Quality of life improvement rates were higher in those administered gefitinib compared with placebo, as measured by FACT‐L (improvement rates 55% versus 24%, P < 0.001), TOI (51% versus 21%, P < 0.001) and LCS (50% versus 22%, P < 0.001) in the INFORM study (Zhang 2012 INFORM). Gefitinib also increased the time‐to‐worsening of quality of life when compared with placebo (FACT‐L: 2.8 months versus 1.4 months, P = 0.019; TOI: 3.5 months versus 1.4 months P = 0.006; LCS: 2.8 months versus 1.4 months P = 0.028). The relationship between the change in quality of life score and prognosis was also analysed in the INFORM study.

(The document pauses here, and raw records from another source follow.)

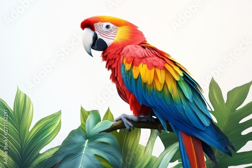 © kriengsak, Fototapeta premium Vibrant Scarlet Macaw Parrot Perched on Branch Amid Lush Tropical Foliage
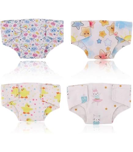 Süße Puppenpflege für kleine Muttis! Dieses entzückende Set enthält 3 verschiedene Puppenwindeln mit niedlichen Motiven (gelbes Hühnchen, bunte Wolken, Sterne) und 3 passende Paar Puppensocken. Perfekt für Puppen bis 18 Zoll (ca. 43 cm). Die Windeln haben praktische Selbstklebe-Streifen, die sich einfach an- und abziehen lassen - auch für kleine Kinderhände gut zu handhaben. Aus weichem, atmungsaktivem Stoff gefertigt, der sich leicht reinigen lässt und auch nach mehrmaligem Waschen nicht verblasst oder verformt. Die Socken in Rosa, Blau und Gelb passen perfekt zu den Windeln und komplettieren das Outfit. Ein tolles Geschenk für kleine Puppenmütter, das die Kreativität und Fürsorge fördert. Ob zum Spielen, für die Puppenwiege oder als Accessoire für die Lieblingspuppe - dieses Set bringt Freude ins Kinderzimmer. Einfach anziehen und die Puppenpflege kann beginnen! Perfekt für Rollenspiele und um das Thema Windeln wechseln spielerisch zu entdecken.
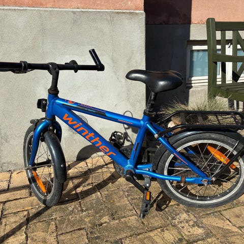 Winther børnecykel med 16" hjul i pink. Cyklen har lav indstigning og lige styr med håndbremser. Udstyret med forkurv, bagagebærer og reflekser. Har lidt rust her og der men ellers fin cykle. Er købt for 2 1/2 år siden til 3500 kr.
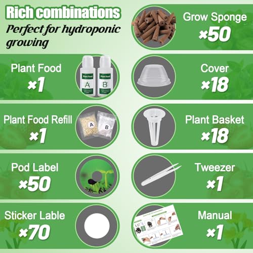 - Package Contents: You will receive 50 grow sponges, 1 A&B plant food, 1 A&B plant food refill, 18 plant baskets, 18 covers, 50 pod labels, 70 sticker labels, 1 tweezer and 1 manual.
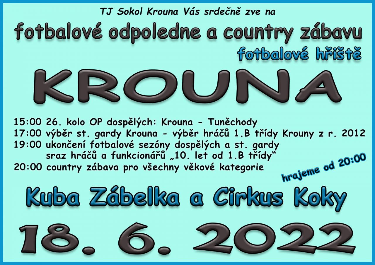 TJ Sokol Krouna si Vás dovoluje pozvat tuto sobotu 18.6.2022 na fotbalové odpoledne a country večer s kapelou Kuby Zábelky.
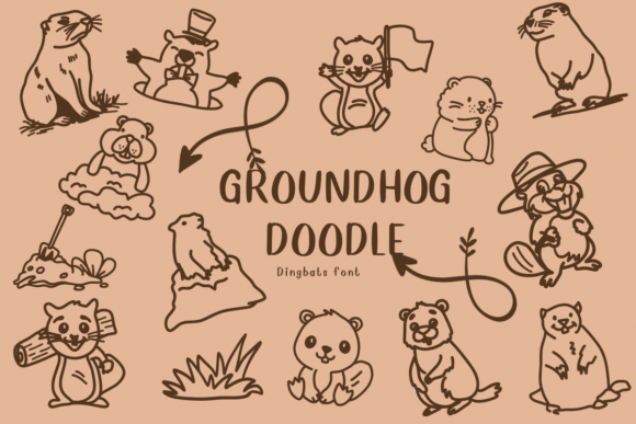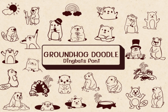 Groundhog Doodle is a whimsical and playful dingbat font featuring charming groundhog illustrations. It’s perfect for adding a touch of fun to your designs, substituting traditional letters with delightful groundhog images. Ideal for crafts, invitations, and various creative projects!
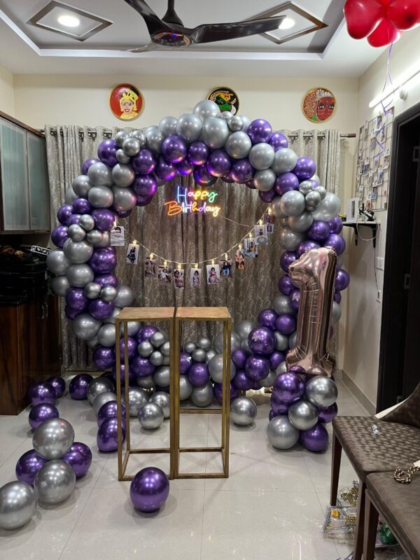 - 10 balloons with ribbons will be fixed to the ceiling. The rest will be arranged in bunches or left floating on the floor as per your choice.
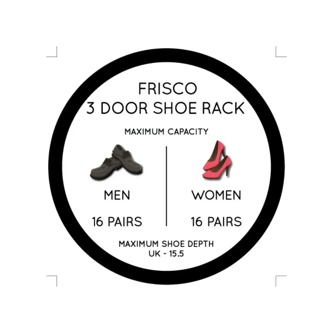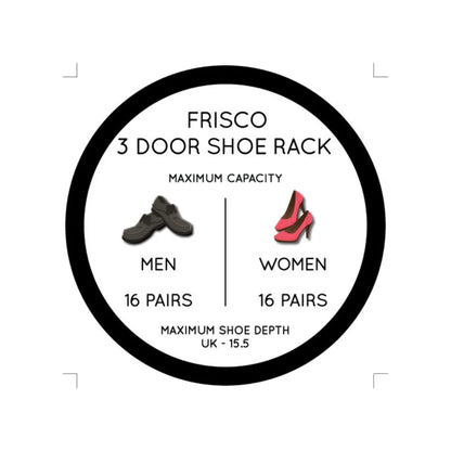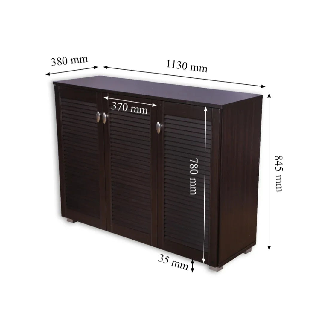 - 3 door shoe cabinet can accommodate 14 pairs of women OR 14 pairs of men of UK -13 size
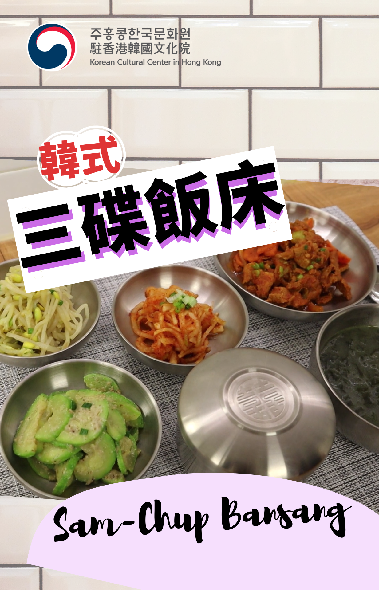 'Bansang' refers to the Korean traditional dining table, and 'Chup' is the number of side dishes. Usually, Korean traditional 'bansang' consists of a main dish, some side dishes, rice and soup. Today's tutorial is on 'Sam-Chup Ban-Sang', a typical k-style meal with three side dishes!
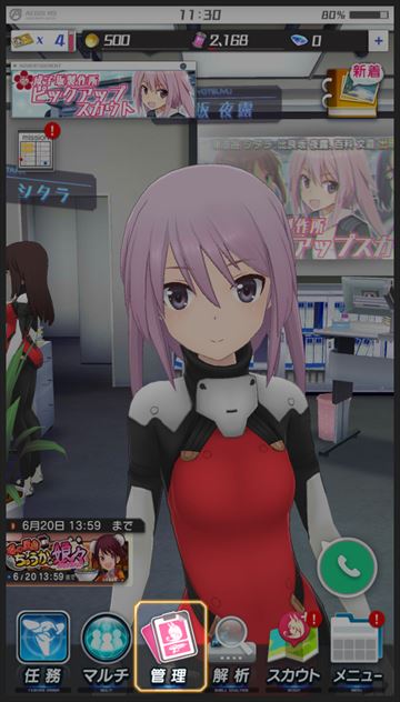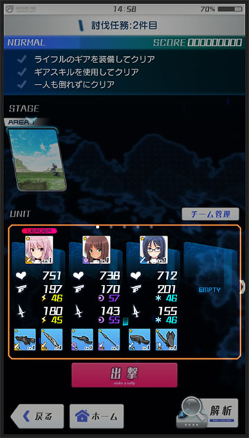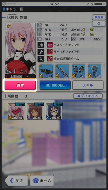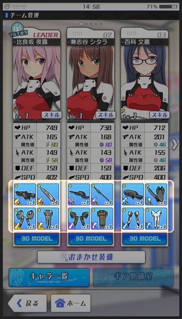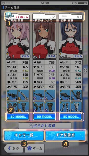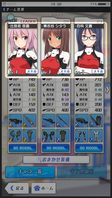 管理をタップするとチーム管理画面へ行きます。ここではチームメンバーの変更や強化、装備変更や装備のレベルアップができます。

Patients with an improvement in quality of life had significantly longer progression‐free survival and overall survival when compared with those that had a stable or worsened quality of life (FACT‐L: 9.4 months versus 2.8 months versus 2.7 months, P < 0.001 and 25.4 months versus 19.9 months versus 14.4 months, P = 0.003, respectively).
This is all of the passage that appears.